REPUBLIKA.CO.ID, JAKARTA -- Menteri Dalam Negeri (Mendagri) Tjahjo Kumolo menegaskan, usulan pengosongan kolom agama pada KTP elektronik hanya berlaku bagi penganut aliran kepercayaan.
Sedangkan bagi warga negara penganut agama yang sudah diakui negara secara resmi tetap mengisi kolom agama.
"Keinginan kami sebagai Mendagri, setiap warga negara punya hak untuk memeluk apa yang dia yakini. Sekarang ini, kepercayaan itu mau enggak mau ada dimana-mana, tapi mereka tidak menganut enam agama yang diakui resmi. Kami usul dikosongkan kolom agama tersebut," kata Tjahjo di Istana Wakil Presiden, Jakarta, Jumat (7/11).

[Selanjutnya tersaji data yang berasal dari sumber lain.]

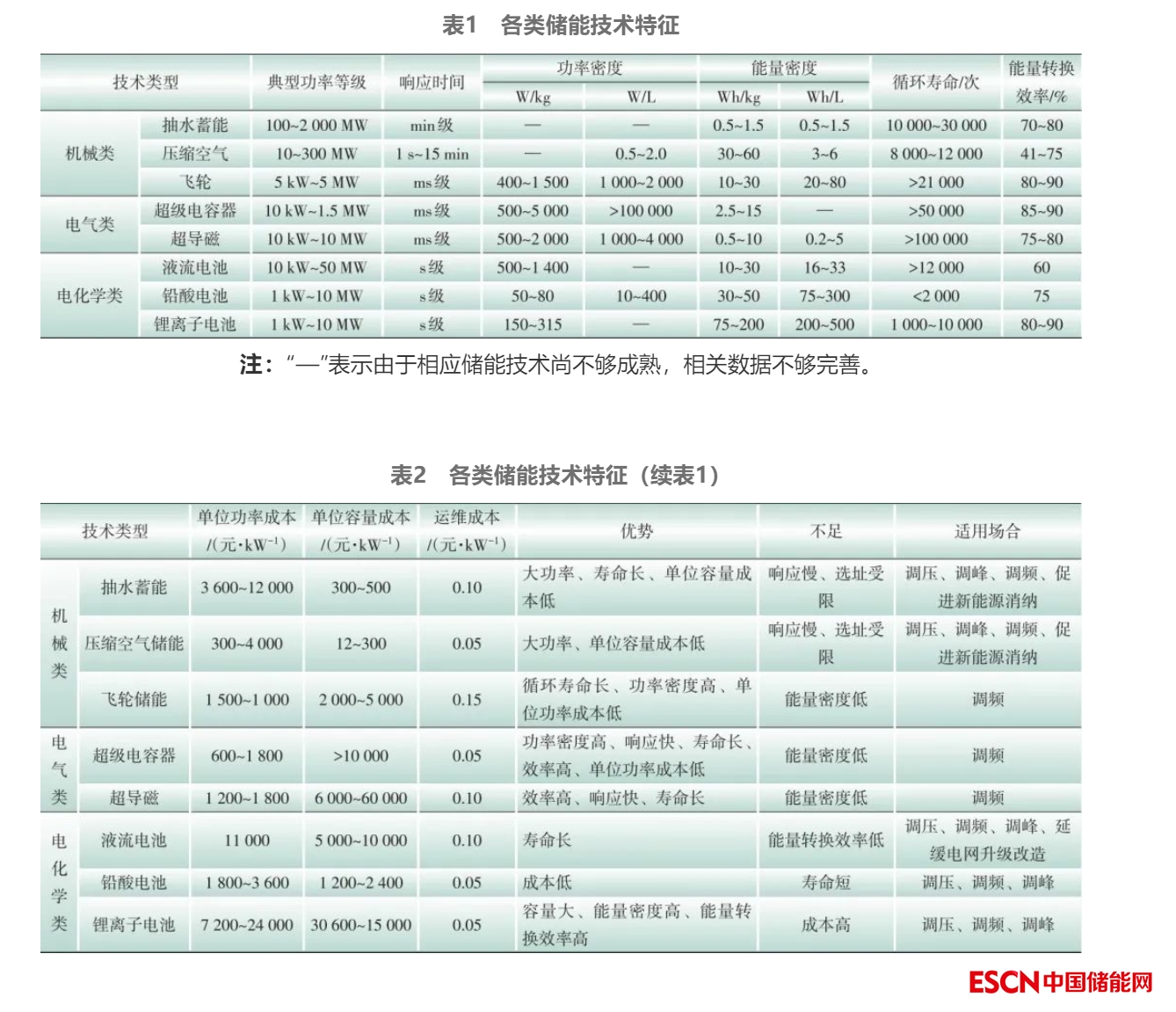 1 儲(chǔ)能類(lèi)型及技術(shù)特性分析
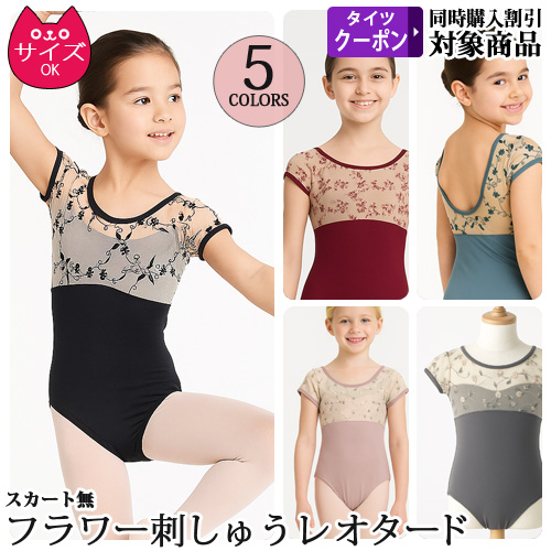 バレエレオタード 子供用 フラワー刺繍 半袖 スカート無し
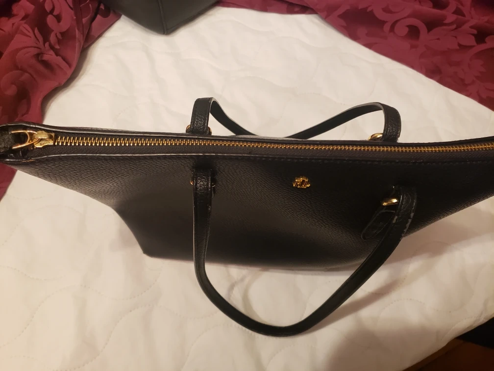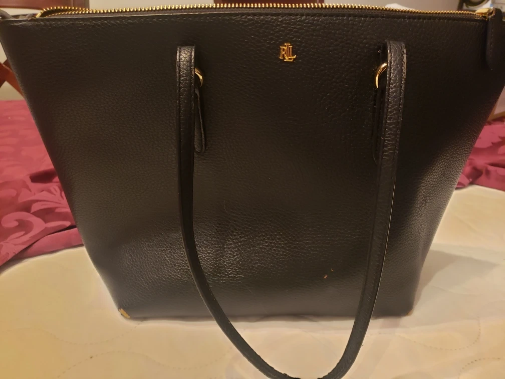 Selling a Ralph Lauren black leather tote bag! It's a stylish and practical bag for everyday use. There are some signs of wear, as you can see in the photos, but it still has lots of life left

Dikatakan leboh lanjut, Tjahjo akan mengupayakan pencatuman aliran kepercayaan dalam kolom agama di KTP elektronik. Sebagai langkah awal, Kemendagri akan berkoordinasi dengan Kementerian Agama untuk membahas kemungkinan mengubah UU Nomor 24 tahun 2013 tentang Administrasi Kependudukan yang saah satu klausalnya mengatur tentang agama yang dicantumkan dalam E-KTP.

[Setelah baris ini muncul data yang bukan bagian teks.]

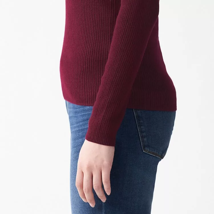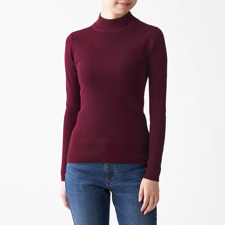 商品說明: [MUJI無印良品]女不易刺癢羊毛螺紋可水洗半高領針織衫S酒紅
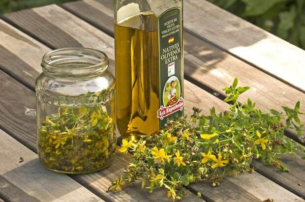 150 г травы зверобоя залейте 0,5 л любого нерафинированного растительного масла, поставьте на водяную баню и кипятите полчаса. Дайте настояться в течение 3 дней, процедите, отожмите сырьё. После тёплой ванны втирайте тёплое масло в больные места. Курс лечения 10–12 дней, затем нужно сделать такой же перерыв и при необходимости повторить курс.
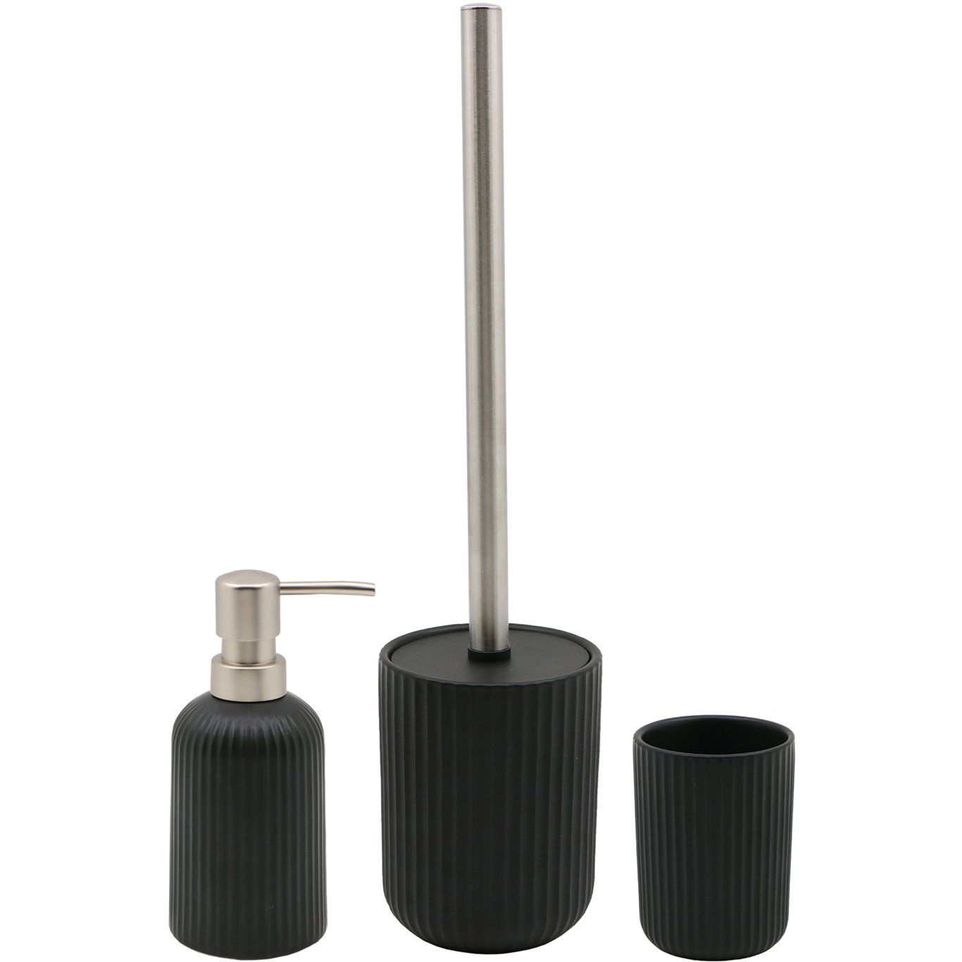 Dette baderomssettet fra Nortiq er med på å skape en helhet på baderommet, og består av en såpedispenser, et tannbørstekrus og et toalettbørstesett.

"Dulu kan hanya enam agama yang tertulis, namun ada Peraturan Mendagri yang tidak mempermasalahkan karena setiap warga punya hak dan kewajiban sendiri sepanjang tidak menyesatkan. Sedang didiskusikan dengan Kementerian Agama, karena kalau mau dimasukkan (dalam E-KTP) harus mengubah Undang-Undang," katanya menambahkan.
Selain dengan Kemenag, menurut Tjahjo, dialog juga berlangsung dengan Kementerian Politik, Hukum, dan Keamanan serta perwakilan ormas agama. UU Administrasi Kependudukan menyebutkan agama yang dicantumkan hanya enam agama yang diakui negara. Yakni Islam, Kristen, Budha, Hindu, Konghucu, dan Katolik. Sementara Kemendagri telah mengakui aliran kepercayaan seperti Baha'i, Sunda Wiwitan, dan Kejawen.

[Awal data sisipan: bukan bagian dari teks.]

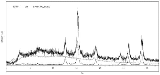 Overlay X-ray diffractogram of SPION, GO, and SPION/PVA/CS/GO.
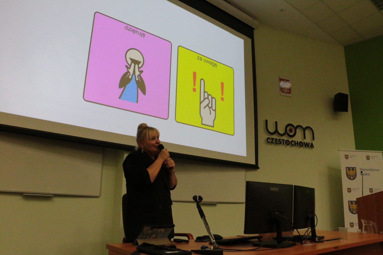 Druga część konferencji poświęcona była na prezentację konkretnych rozwiązań wprowadzanych w szkołach. Anna Kuśmierska, wykładowca akademicki Uniwersytetu Jana Długosza w Częstochowie, pedagog specjalny, przedstawiciel firmy MÓWIK, przeprowadziła wykład „Komunikacja to proces –praktyczne rozwiązania i codzienna praca z uczniami ze złożonymi potrzebami komunikacyjnymi w Zespole Szkół Specjalnych nr 45 w Częstochowie”.

Sebelum negara mengakui beberapa aliran kepercayaan sebagai agama, menurut Tjahjo, dalam kolom agama penganut aliran kepercayaan akan dikosongkan.
"Kami akan konsultasikan dulu dengan kementerian agama lalu tokoh tokoh agama yang ada ini bagaimana, apakah keyakinan atau agama yang dianggap tetap atau tidak. Ini kan menyangkut perkawinan dan upacara kematian, karena sebagai waarga negara dilindungi selama dia tidak melakukan hal-hal yang menyesatkan," ujarnya.